Provided material:

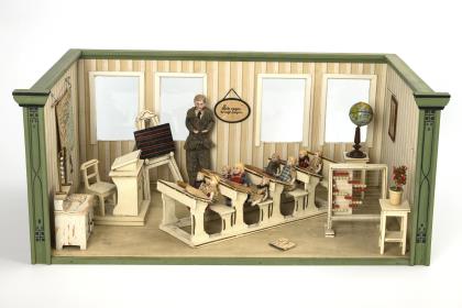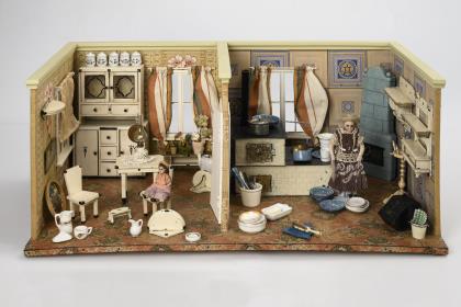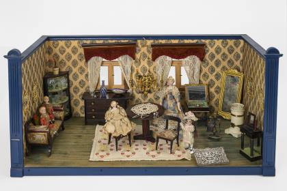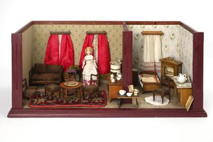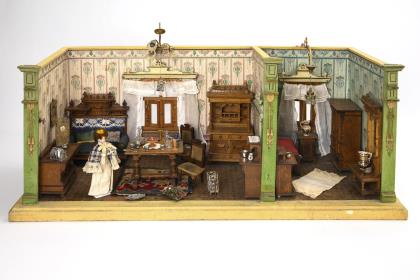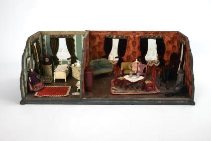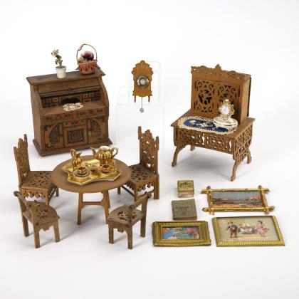 7 Gründerzeit-Möbel und Zubehör für die Puppenstube.
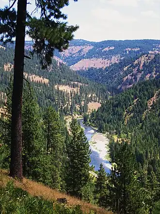 The Wenaha River is a tributary of the Grande Ronde River, about 21.6 miles (34.8 km) long,[3] in Wallowa County, northeastern Oregon. The river begins at the confluence of its north and south forks in the Blue Mountains and flows east through the Wenaha–Tucannon Wilderness to meet the larger river at the small settlement of Troy.
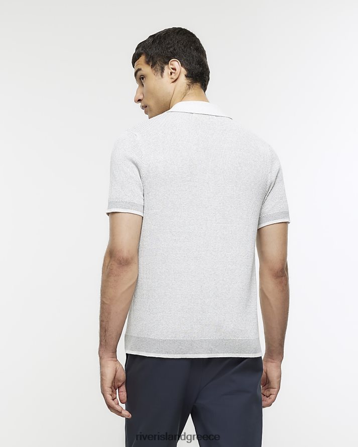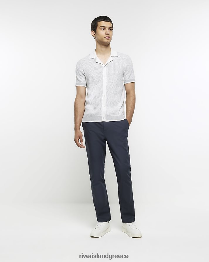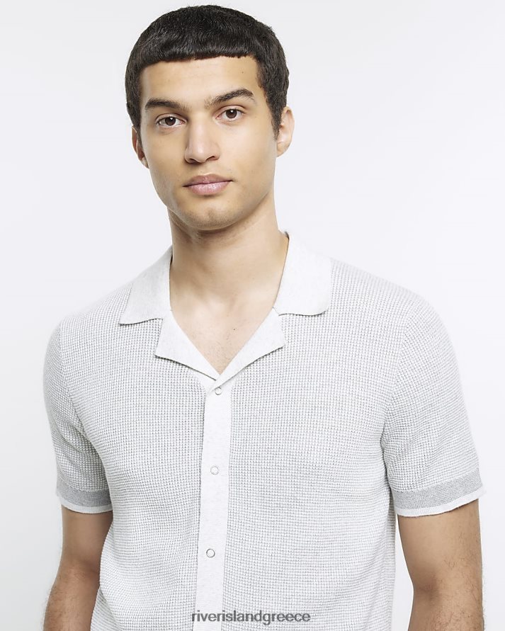 River Island ενδύματα γκρί άνδρες slim fit πλεκτό πουκάμισο revere B6N8X5660
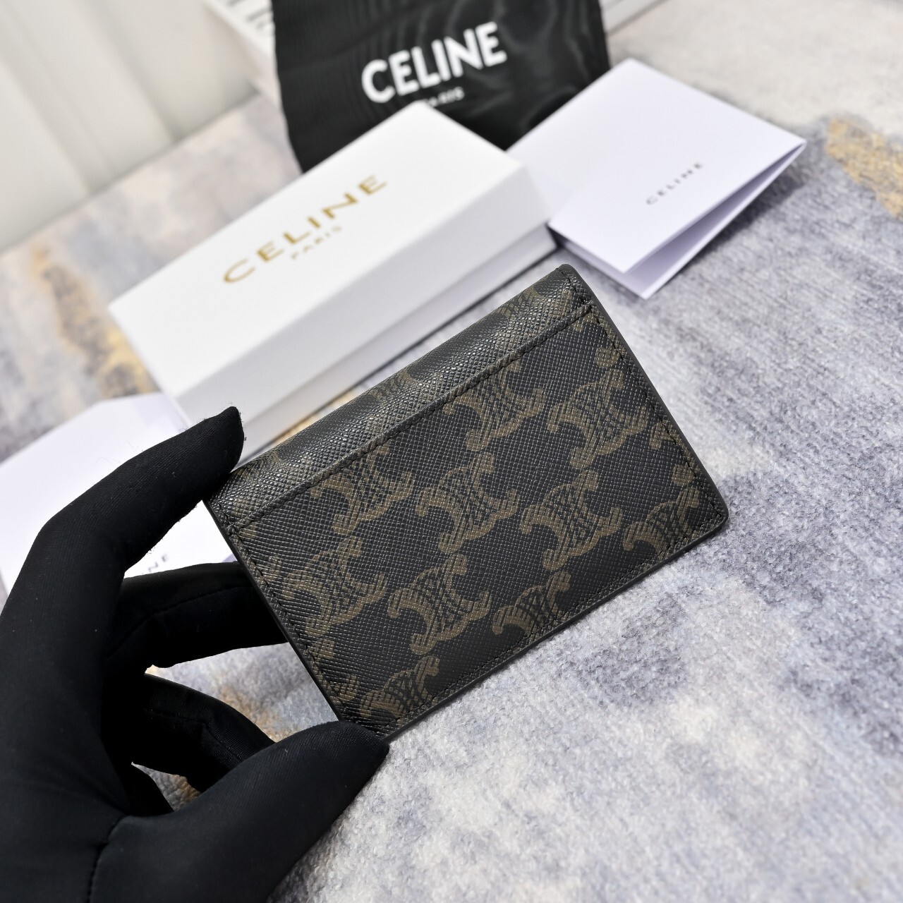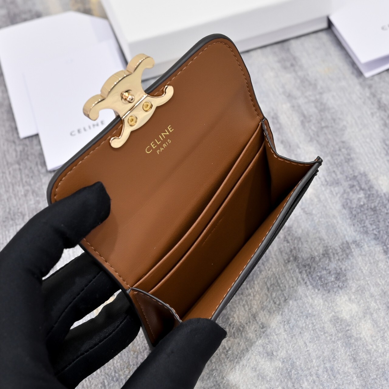 셀린느 플랩 카드지갑 탄(10I582CPJ.04LU)풀박칼 라 : 탄사이즈 : 10.5 X 7 X 1cm(가로 × 높이 × 너비) 사 양 : 메인 수납공간 1개, 내부 신용 카드 슬롯 2개, 내부 플랫 포켓 1개, 외부 플랫 포켓 1개
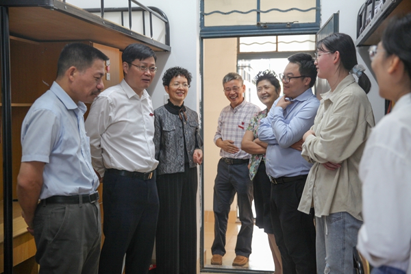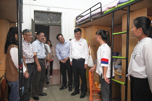 随后,金佩华、蒋云良分别带队走访了学生寝室,对新生们表示慰问。“你来自哪里”“学什么专业”“对住宿条件还满意吗”“喜不喜欢这里的校园环境”,校领导们与新生们进行了亲切的交谈,鼓励新生们尽快适应新的环境,叮嘱新生们要把握好大学的时光,发奋图强,实现理想抱负。新生们纷纷表示会努力学习,争取毕业后能从事心仪的工作或考上研究生。

Exercise details: Everything in the material except the pictures should be restated word for word.

Completed exercise:
 7 Gründerzeit-Möbel und Zubehör für die Puppenstube.
 The Wenaha River is a tributary of the Grande Ronde River, about 21.6 miles (34.8 km) long,[3] in Wallowa County, northeastern Oregon. The river begins at the confluence of its north and south forks in the Blue Mountains and flows east through the Wenaha–Tucannon Wilderness to meet the larger river at the small settlement of Troy.
 River Island ενδύματα γκρί άνδρες slim fit πλεκτό πουκάμισο revere B6N8X5660
 셀린느 플랩 카드지갑 탄(10I582CPJ.04LU)풀박칼 라 : 탄사이즈 : 10.5 X 7 X 1cm(가로 × 높이 × 너비) 사 양 : 메인 수납공간 1개, 내부 신용 카드 슬롯 2개, 내부 플랫 포켓 1개, 외부 플랫 포켓 1개
 随后,金佩华、蒋云良分别带队走访了学生寝室,对新生们表示慰问。“你来自哪里”“学什么专业”“对住宿条件还满意吗”“喜不喜欢这里的校园环境”,校领导们与新生们进行了亲切的交谈,鼓励新生们尽快适应新的环境,叮嘱新生们要把握好大学的时光,发奋图强,实现理想抱负。新生们纷纷表示会努力学习,争取毕业后能从事心仪的工作或考上研究生。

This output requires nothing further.